◆ What is required: Lift out all lines below that contain "Истибања".

◆ Material for this task:
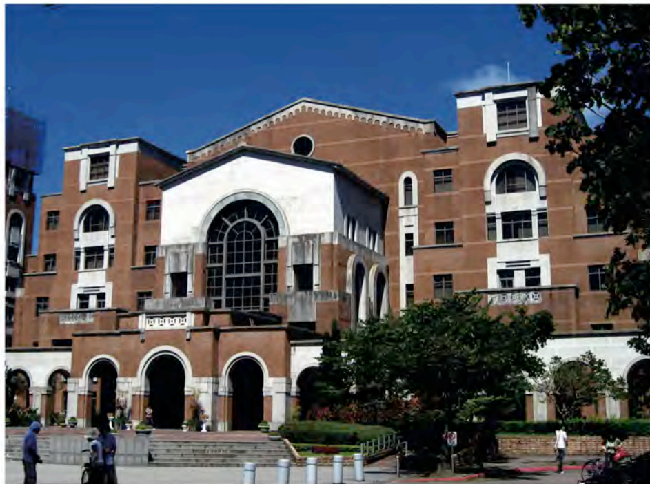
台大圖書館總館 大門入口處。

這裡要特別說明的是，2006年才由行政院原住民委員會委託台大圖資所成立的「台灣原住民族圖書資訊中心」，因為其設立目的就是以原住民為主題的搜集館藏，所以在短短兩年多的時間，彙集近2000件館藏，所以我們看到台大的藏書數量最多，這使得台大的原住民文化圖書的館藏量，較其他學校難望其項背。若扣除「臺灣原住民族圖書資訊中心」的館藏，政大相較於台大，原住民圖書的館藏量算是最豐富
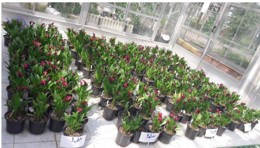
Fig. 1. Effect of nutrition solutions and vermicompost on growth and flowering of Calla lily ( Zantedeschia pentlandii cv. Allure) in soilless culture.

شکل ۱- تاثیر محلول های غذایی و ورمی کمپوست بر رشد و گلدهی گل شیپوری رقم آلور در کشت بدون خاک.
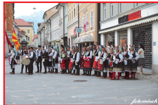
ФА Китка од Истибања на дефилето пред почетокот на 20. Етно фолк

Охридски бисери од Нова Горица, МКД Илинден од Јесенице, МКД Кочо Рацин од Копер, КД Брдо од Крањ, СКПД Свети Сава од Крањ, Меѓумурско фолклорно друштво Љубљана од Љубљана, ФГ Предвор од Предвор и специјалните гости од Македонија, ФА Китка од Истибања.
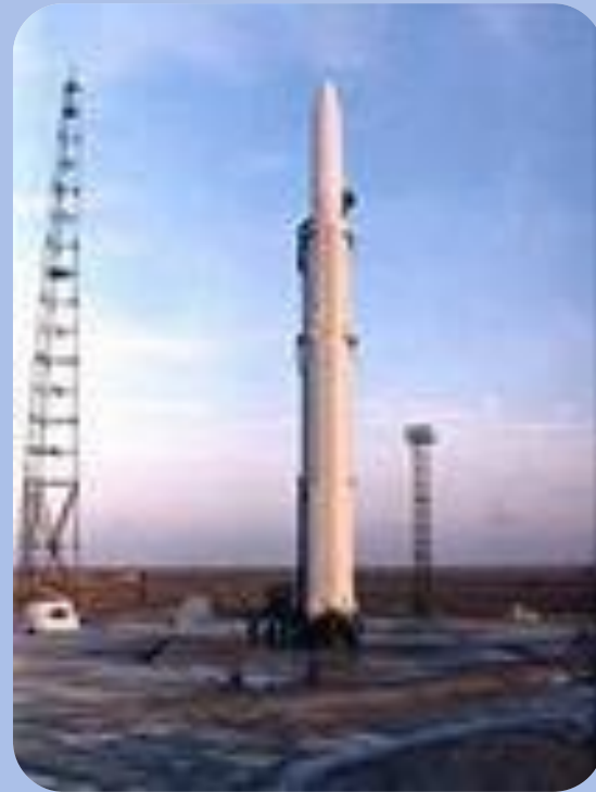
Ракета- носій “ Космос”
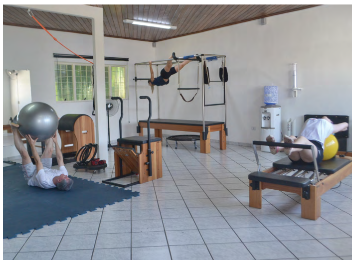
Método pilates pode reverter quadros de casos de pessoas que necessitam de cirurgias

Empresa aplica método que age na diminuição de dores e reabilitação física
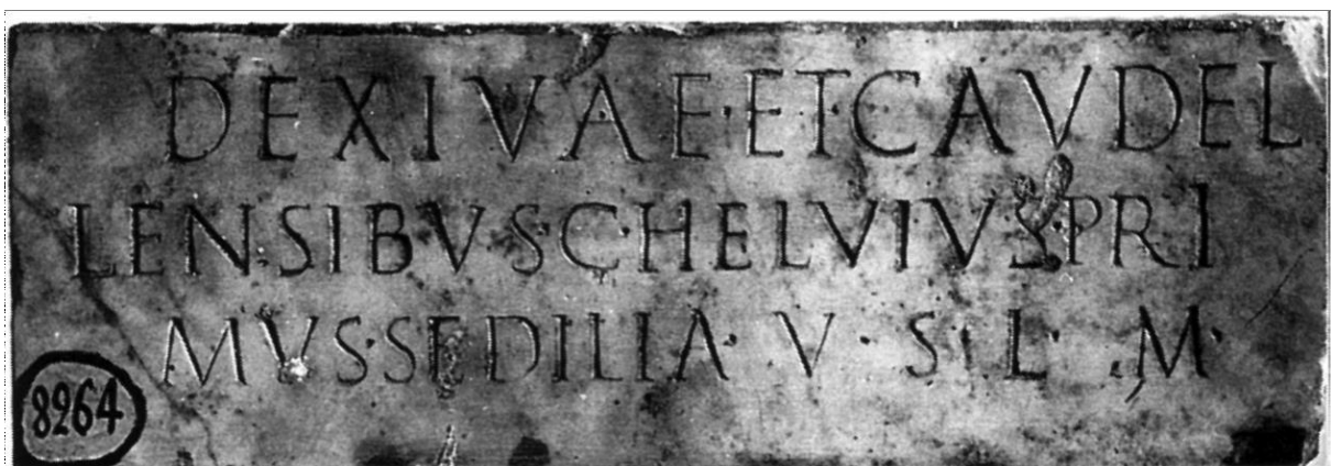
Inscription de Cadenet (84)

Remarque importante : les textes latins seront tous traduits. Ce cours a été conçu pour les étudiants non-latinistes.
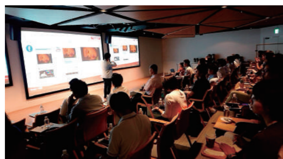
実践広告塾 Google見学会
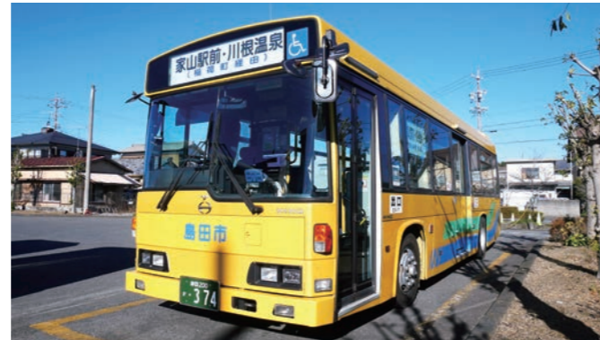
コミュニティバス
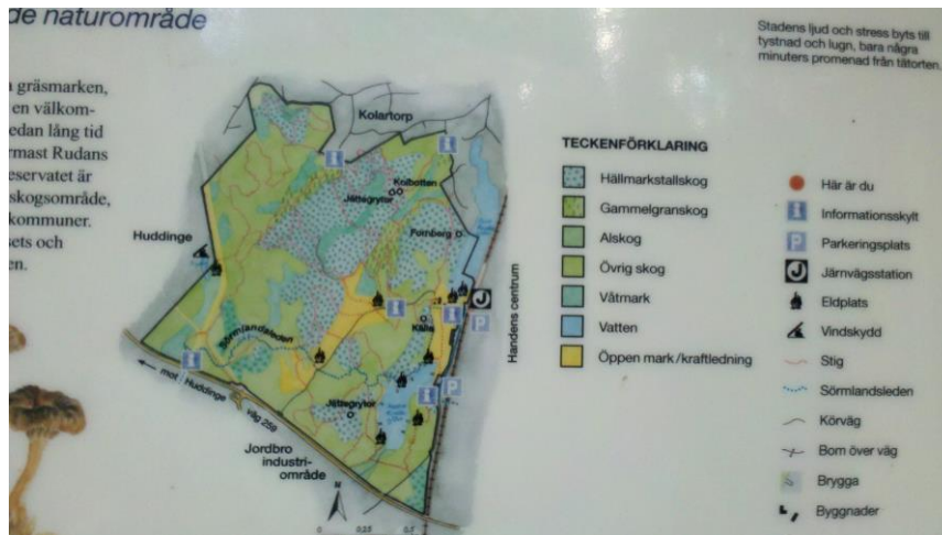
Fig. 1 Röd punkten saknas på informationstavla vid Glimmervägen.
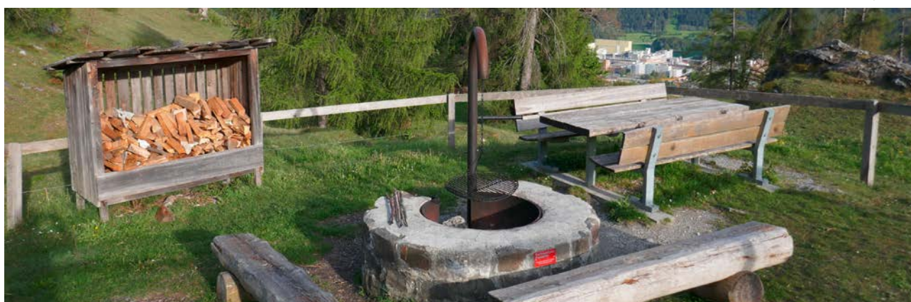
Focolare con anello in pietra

◆ Output for this exercise:
ФА Китка од Истибања на дефилето пред почетокот на 20. Етно фолк
Охридски бисери од Нова Горица, МКД Илинден од Јесенице, МКД Кочо Рацин од Копер, КД Брдо од Крањ, СКПД Свети Сава од Крањ, Меѓумурско фолклорно друштво Љубљана од Љубљана, ФГ Предвор од Предвор и специјалните гости од Македонија, ФА Китка од Истибања.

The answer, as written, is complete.